Five Cardinal Principles for Surviving Crypto


Surviving Crypto

Exactly five years ago, I bought my first cryptocurrency, spurred on by a friend’s enthusiasm. Three years earlier, I had taken an online blockchain course organized by Berkeley, but despite being interested in the technology, I decided not to invest in any of the coins circulating at the time. I had no tools to assess their real value; the whole market felt imaginary, like fantasy football.

After having some success with NFTs, I identified Solana as the only blockchain with a clear and coherent mission. But the peak of euphoria was already near, soon followed by the collapse of Terra/Luna and the failure of FTX. As in 2018, the market stopped making sense.

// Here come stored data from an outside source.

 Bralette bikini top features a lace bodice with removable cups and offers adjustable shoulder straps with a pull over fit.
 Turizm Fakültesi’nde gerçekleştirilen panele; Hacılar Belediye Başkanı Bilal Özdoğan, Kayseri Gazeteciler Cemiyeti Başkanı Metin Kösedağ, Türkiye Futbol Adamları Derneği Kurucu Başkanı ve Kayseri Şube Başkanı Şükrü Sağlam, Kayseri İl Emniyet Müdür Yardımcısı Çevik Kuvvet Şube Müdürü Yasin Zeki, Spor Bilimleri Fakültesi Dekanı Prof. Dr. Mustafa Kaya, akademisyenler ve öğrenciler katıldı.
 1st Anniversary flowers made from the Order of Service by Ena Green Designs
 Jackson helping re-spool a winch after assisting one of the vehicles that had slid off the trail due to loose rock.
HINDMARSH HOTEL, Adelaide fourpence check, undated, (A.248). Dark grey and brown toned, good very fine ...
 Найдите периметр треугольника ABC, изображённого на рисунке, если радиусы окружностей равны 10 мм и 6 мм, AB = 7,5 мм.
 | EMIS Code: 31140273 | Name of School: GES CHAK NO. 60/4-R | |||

On this anniversary, I thought I’d share what I consider the five cardinal principles for operating – and surviving – in crypto:

  1. Crypto is a short-term investment.
    The HOLD strategy doesn’t work for any token. The only real opportunity is to exploit the relatively brief pump-and-dump cycles.
  2. Avoid economic or financial analysis.
    Traditional market logic doesn’t apply in crypto. Everything revolves around speculation and leverage. The only thing that matters is identifying the trend and defining a clear, achievable profit target (30% per cycle in my case).
  3. Focus on ultra-liquid tokens.
    Stick to assets with deep liquidity, large trading volumes, and at least minimally credible metrics. At the moment, in my view, only three qualify: BTC, ETH, and SOL. Personally, I’m betting on SOL.
  4. Avoid minor tokens.
    Tokens with attractive staking rewards, low float, or obscure narratives almost always trend toward zero. They’re usually just a waste of time and energy. If you receive them through an airdrop, either sell immediately or wait for the right hype-driven moment.
  5. If you want a lottery ticket, choose memes.
    Memecoins are preferable to leveraged trading or NFTs. But unlike a real lottery, they will almost certainly not change your life. Treat them as a game with fixed, predefined, and unchangeable rules.

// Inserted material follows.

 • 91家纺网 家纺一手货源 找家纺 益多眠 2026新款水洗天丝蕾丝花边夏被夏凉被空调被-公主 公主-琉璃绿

Five years of survival in crypto is genuinely something — most don’t make it that far without either getting wiped out or getting religious about it. Your framework is coherent and clearly earned. A few honest pushbacks though:

On principle 1, “HODL doesn’t work for any token” is falsifiable — BTC held from any point before 2020 has outperformed almost any active trading strategy after taxes and fees. You’re describing your approach, not a universal law. Timing cycles consistently is harder than it sounds, and most people who try underperform passive holding.

Principle 2 is your strongest, and also the most contrarian. You’re essentially saying: abandon the pretense of fundamentals, accept what this market actually is. That’s intellectually honest in a space full of people cosplaying as analysts.

On SOL specifically — you watched FTX collapse nearly take it to zero. Betting on SOL as the “coherent mission” chain while acknowledging the market stops making sense is a tension worth sitting with. Coherent mission doesn’t protect against correlated macro selloffs.

Principle 5 is where I’d push hardest. Memecoins aren’t safer than leverage — they’re leverage with extra steps and zero underlying. The “fixed rules” framing makes them sound disciplined, but the house edge in memes is opaque and often manipulated. At least with a futures position, you know your liquidation price.

The meta-question worth asking: if everything is trend-following with a 30% target, what’s your actual edge over the next person doing the same thing?